There are few standard solutions, except the need for:

  • Perseverance because the journey takes about a decade form inception to scale, and takes a zigzag course to its destination
  • Partnerships – to enable companies to go out of their comfort zone
  • Pilots – (usually more than one) to keep iterating the business model until it works
  • Passion - to provide the vision and an extra boost to determination until commercial returns start to show.

Commercial returns are compared across the portfolio: meagre so far on average, but the trend lines are steep. This was an early stage portfolio, and only five are in profit so far. But the strategies for scale are emerging. Results among households at the Base of the Pyramid are also emerging: the portfolio reaches around 100,000 households so far.
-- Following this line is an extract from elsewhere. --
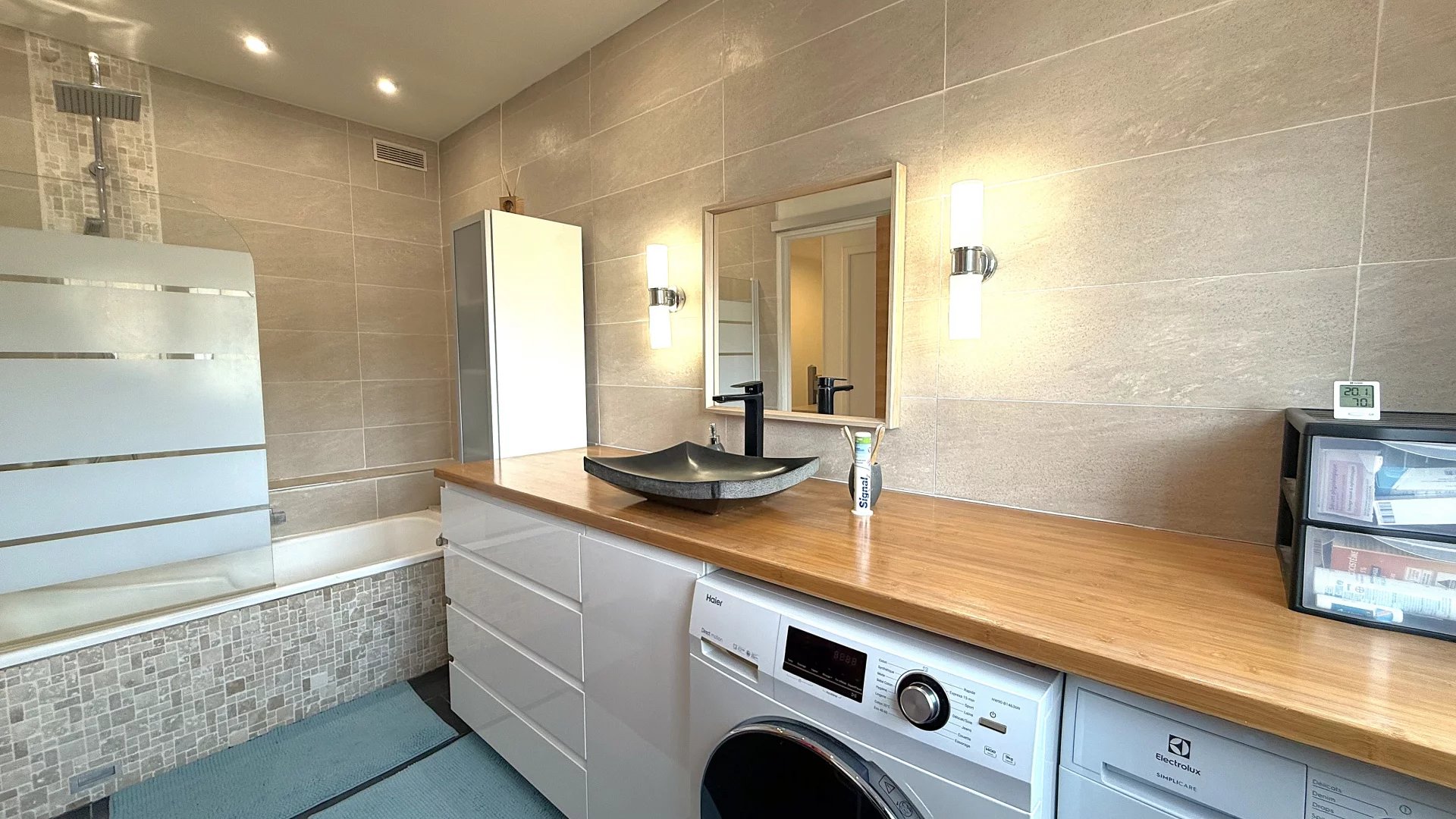 Au RDC, le garage peut recevoir 1 voiture et motos + espace buanderie.

We have taken company estimates for the next few years, revised them down based on business progress to date, and calculate a ‘revised for realism’ estimate that they will reach over 1 million households in around 2 years from now, and 3.7 million in 3-4 years from now.

So where did the Business Innovation Facility fit into all this? What role did technical assistance play? Our companion report asks exactly that. In the vast majority of cases, it helped them on their zigzag journey to a more robust business model. We don’t and couldn't claim credit for every success of the portfolio, but estimate that companies’ reach to 0.5 million BoP households in around 2 years, and to 1.5mn households in 3-4 years can be plausibly linked to BIF support.

Adding value to innovation? Lessons on donor support to inclusive ... draws on this BIF experience to interrogate the two fundamental assumptions that underpin spending by the UK’s Department for International Development on BIF:

  1. Technical assistance makes a difference to inclusive business progress: yes, the added value can be remarkably high ($80,000 worth of support can make a big difference to a business model). But it’s useful for some companies at key times in their journey and needs to be tightly targeted.
  2. Inclusive businesses makes a difference to lives at the BoP; yes, some do, some will. Impacts can be substantial, reaching millions and affecting behaviour of others. We have good news for donors, that those reached are often living on, around or under $2 per person per day. But a tolerance of risk is needed as some will fail.

In both reports we have been as transparent as possible about the results delivered to date: graphs, trend lines and tables abound. But we have worked hard to review the processes that got there, identifying what worked and what could be done differently. So The 4ps concludes with implications for inclusive business: most of all expect to innovate, pilot and partner, not once but again and again. And Adding value to Innovation? concludes with implications for donors and providers of technical support: invest in technical support and knowledge sharing, adapt language, operations and monitoring protocols, and expect years to be able to truly demonstrate results.

Further information

These reports and other final findings of the Business Innovation Facility are available on the BIF findings page.

The BIF pilot has now closed. A new phase of BIF is underway in Malawi and Myanmar.